Top of The data
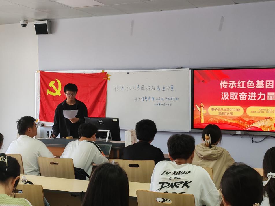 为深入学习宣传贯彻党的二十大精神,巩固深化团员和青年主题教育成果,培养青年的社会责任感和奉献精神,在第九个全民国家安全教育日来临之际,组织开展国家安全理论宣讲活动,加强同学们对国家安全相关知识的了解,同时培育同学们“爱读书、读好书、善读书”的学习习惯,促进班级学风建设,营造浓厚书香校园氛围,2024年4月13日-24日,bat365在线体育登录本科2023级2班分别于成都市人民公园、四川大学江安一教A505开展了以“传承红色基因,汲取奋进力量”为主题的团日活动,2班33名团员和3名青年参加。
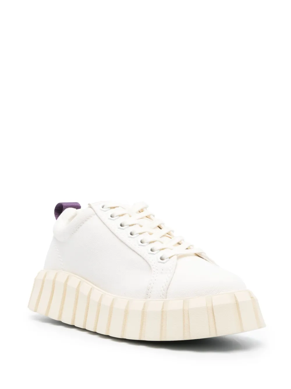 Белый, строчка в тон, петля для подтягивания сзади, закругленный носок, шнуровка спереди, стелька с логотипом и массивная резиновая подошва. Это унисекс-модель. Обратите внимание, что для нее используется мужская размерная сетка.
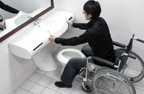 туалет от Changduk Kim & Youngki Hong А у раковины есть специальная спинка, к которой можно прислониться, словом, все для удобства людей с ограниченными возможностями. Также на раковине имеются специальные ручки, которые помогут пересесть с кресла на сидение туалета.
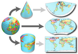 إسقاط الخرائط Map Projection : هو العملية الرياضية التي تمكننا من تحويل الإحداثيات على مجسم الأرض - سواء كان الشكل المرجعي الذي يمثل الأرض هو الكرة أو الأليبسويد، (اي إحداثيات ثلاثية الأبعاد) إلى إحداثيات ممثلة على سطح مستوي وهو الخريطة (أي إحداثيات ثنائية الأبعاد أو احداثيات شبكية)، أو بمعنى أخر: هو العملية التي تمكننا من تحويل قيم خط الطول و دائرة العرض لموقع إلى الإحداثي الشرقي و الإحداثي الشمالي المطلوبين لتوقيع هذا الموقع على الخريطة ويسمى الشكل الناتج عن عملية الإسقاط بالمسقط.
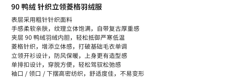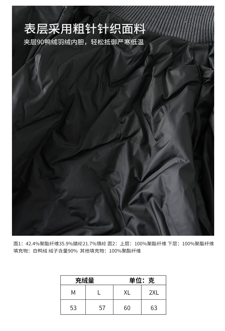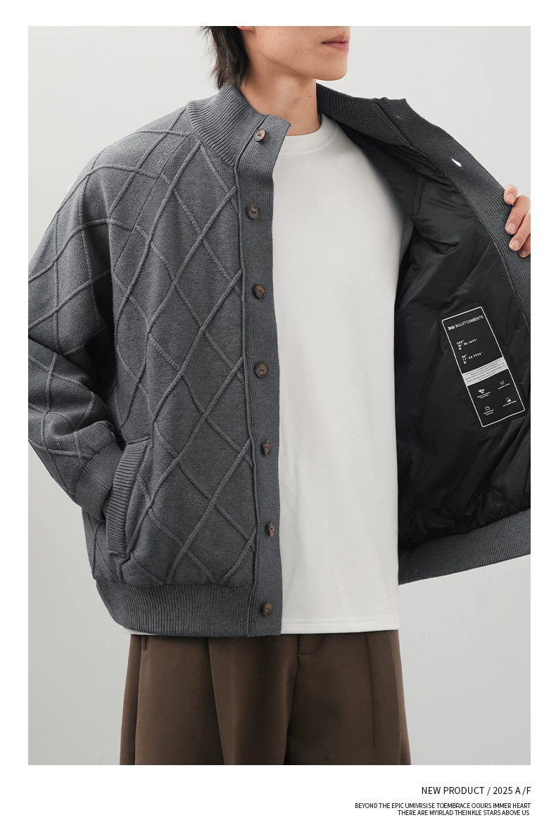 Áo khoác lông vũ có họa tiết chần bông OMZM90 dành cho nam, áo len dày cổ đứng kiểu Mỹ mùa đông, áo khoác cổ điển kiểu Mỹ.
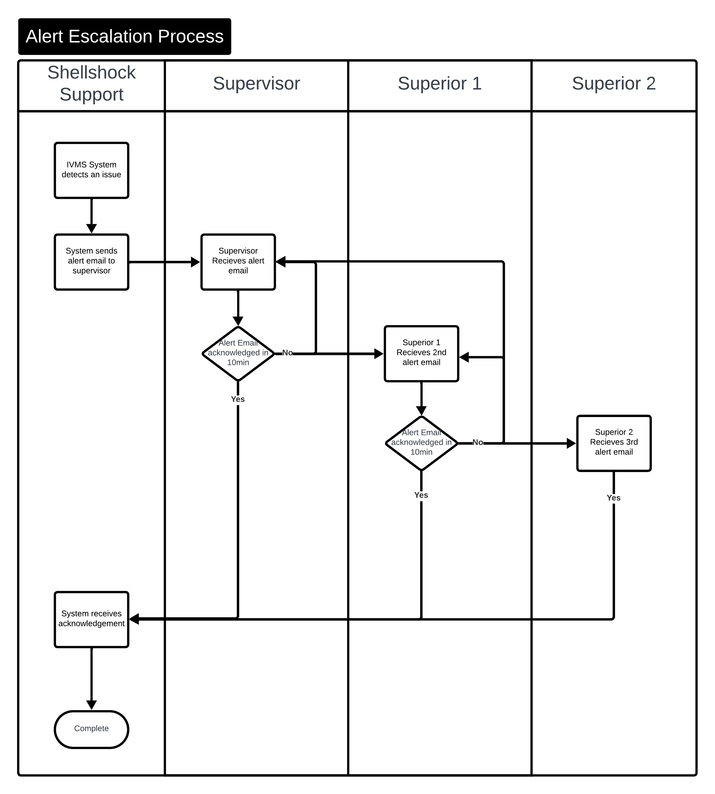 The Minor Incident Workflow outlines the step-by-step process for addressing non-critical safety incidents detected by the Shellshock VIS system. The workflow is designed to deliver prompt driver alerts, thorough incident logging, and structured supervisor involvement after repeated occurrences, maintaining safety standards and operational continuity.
Bottom of The data
Top of The data
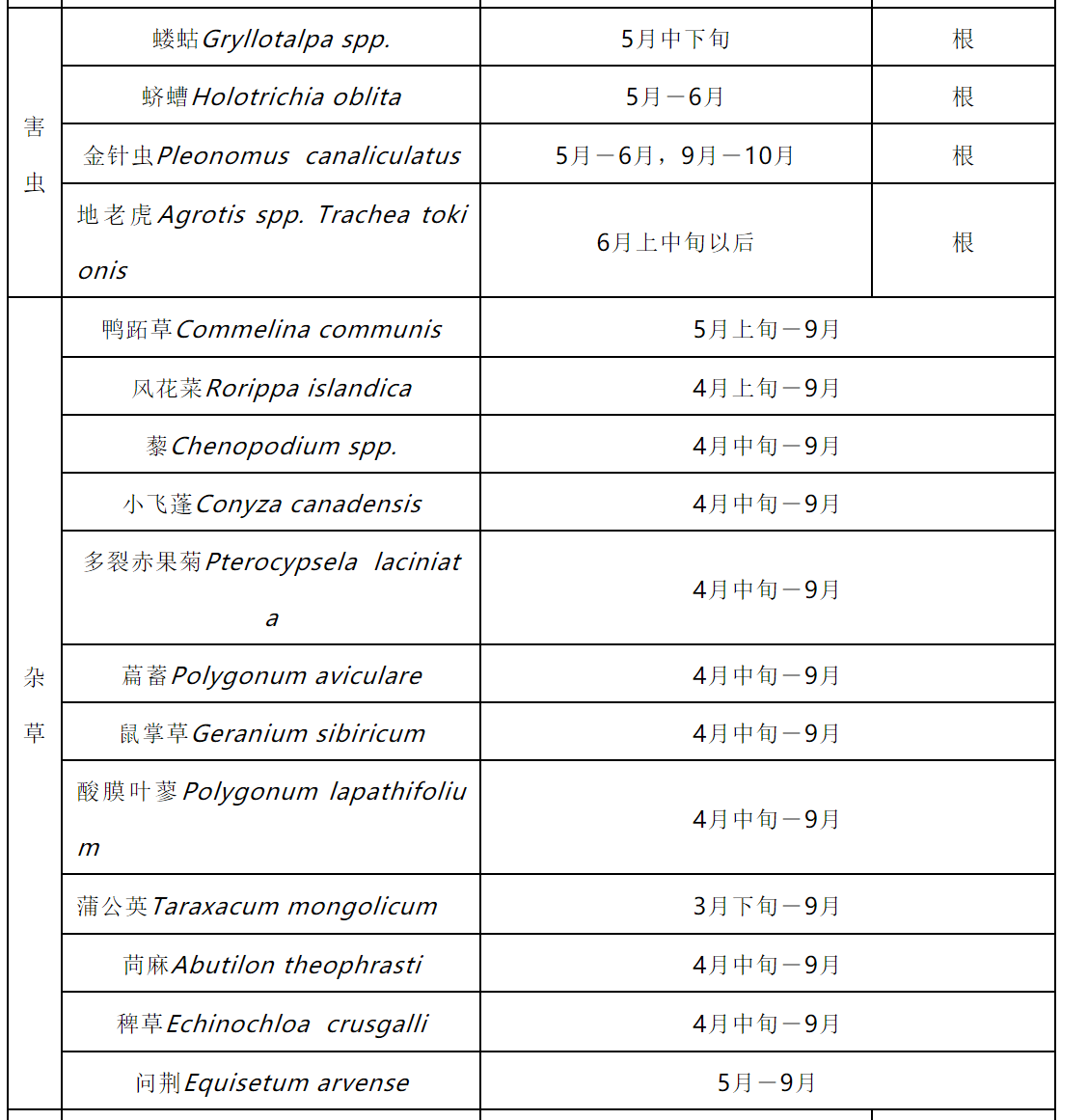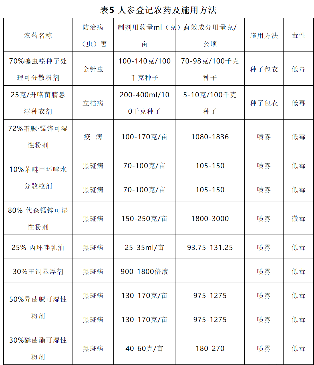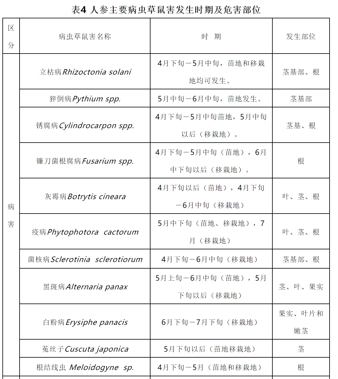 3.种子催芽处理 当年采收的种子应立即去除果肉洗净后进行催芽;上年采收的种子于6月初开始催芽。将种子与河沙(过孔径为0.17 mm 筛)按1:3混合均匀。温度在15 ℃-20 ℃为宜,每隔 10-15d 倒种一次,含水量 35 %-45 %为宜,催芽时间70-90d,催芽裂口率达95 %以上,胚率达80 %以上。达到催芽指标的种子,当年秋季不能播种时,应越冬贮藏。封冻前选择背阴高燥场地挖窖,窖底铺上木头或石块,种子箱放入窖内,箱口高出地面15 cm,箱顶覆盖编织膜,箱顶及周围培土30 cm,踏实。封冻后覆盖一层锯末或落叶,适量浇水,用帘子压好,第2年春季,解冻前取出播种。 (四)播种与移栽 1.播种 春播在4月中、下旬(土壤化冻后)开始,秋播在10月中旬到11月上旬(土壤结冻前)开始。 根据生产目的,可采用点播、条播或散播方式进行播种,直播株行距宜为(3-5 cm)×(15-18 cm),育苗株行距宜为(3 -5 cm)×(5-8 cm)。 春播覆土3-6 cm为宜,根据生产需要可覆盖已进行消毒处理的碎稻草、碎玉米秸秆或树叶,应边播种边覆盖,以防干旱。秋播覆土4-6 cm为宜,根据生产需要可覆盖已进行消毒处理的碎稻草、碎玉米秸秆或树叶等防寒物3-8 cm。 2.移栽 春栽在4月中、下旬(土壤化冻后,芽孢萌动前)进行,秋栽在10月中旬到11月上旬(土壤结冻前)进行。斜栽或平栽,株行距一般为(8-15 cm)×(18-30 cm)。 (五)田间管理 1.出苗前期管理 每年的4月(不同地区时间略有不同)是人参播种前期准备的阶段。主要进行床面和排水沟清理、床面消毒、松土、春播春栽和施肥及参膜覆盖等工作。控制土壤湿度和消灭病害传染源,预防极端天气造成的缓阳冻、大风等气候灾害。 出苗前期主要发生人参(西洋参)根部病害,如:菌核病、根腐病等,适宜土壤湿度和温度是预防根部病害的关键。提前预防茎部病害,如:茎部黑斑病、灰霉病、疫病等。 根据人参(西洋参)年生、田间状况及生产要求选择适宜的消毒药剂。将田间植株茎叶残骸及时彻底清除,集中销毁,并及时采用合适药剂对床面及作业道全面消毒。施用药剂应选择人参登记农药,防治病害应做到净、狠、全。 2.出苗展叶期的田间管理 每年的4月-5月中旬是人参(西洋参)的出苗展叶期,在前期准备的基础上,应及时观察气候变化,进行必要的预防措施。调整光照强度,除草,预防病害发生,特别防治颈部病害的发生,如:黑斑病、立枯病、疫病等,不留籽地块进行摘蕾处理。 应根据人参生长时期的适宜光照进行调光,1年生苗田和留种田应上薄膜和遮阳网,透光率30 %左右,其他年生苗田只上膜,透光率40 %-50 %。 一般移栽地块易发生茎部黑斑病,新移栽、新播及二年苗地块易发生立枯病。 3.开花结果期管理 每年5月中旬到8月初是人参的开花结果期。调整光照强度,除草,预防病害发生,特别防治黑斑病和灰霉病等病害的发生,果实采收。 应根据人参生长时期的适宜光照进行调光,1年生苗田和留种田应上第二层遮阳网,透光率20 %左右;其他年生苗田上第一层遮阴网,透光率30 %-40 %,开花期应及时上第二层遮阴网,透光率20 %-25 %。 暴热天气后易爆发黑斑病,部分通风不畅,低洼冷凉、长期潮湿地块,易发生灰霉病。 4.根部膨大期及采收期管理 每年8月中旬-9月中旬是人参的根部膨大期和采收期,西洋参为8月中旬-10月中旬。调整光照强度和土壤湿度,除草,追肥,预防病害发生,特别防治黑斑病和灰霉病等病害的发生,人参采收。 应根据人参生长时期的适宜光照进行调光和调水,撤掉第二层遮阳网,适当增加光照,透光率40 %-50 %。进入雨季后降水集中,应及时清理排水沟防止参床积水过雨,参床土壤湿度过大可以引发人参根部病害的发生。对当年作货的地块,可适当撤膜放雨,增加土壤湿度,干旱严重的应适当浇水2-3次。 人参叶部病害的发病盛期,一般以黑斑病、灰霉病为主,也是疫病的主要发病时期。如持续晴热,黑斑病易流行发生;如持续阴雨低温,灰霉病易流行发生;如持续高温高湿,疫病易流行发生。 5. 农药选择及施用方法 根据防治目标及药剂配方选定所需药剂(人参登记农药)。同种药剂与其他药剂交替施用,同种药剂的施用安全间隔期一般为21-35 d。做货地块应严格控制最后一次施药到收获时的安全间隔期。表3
Bottom of The data
What the exercise asks: Write out exactly the run of lines above that starts at the line containing "为深入学习宣传贯彻党的二十大" and ends at the line containing "Áo khoác lông". Include both, and leave the pictures out.

Output for this task:
 为深入学习宣传贯彻党的二十大精神,巩固深化团员和青年主题教育成果,培养青年的社会责任感和奉献精神,在第九个全民国家安全教育日来临之际,组织开展国家安全理论宣讲活动,加强同学们对国家安全相关知识的了解,同时培育同学们“爱读书、读好书、善读书”的学习习惯,促进班级学风建设,营造浓厚书香校园氛围,2024年4月13日-24日,bat365在线体育登录本科2023级2班分别于成都市人民公园、四川大学江安一教A505开展了以“传承红色基因,汲取奋进力量”为主题的团日活动,2班33名团员和3名青年参加。
 Белый, строчка в тон, петля для подтягивания сзади, закругленный носок, шнуровка спереди, стелька с логотипом и массивная резиновая подошва. Это унисекс-модель. Обратите внимание, что для нее используется мужская размерная сетка.
 туалет от Changduk Kim & Youngki Hong А у раковины есть специальная спинка, к которой можно прислониться, словом, все для удобства людей с ограниченными возможностями. Также на раковине имеются специальные ручки, которые помогут пересесть с кресла на сидение туалета.
 إسقاط الخرائط Map Projection : هو العملية الرياضية التي تمكننا من تحويل الإحداثيات على مجسم الأرض - سواء كان الشكل المرجعي الذي يمثل الأرض هو الكرة أو الأليبسويد، (اي إحداثيات ثلاثية الأبعاد) إلى إحداثيات ممثلة على سطح مستوي وهو الخريطة (أي إحداثيات ثنائية الأبعاد أو احداثيات شبكية)، أو بمعنى أخر: هو العملية التي تمكننا من تحويل قيم خط الطول و دائرة العرض لموقع إلى الإحداثي الشرقي و الإحداثي الشمالي المطلوبين لتوقيع هذا الموقع على الخريطة ويسمى الشكل الناتج عن عملية الإسقاط بالمسقط.
 Áo khoác lông vũ có họa tiết chần bông OMZM90 dành cho nam, áo len dày cổ đứng kiểu Mỹ mùa đông, áo khoác cổ điển kiểu Mỹ.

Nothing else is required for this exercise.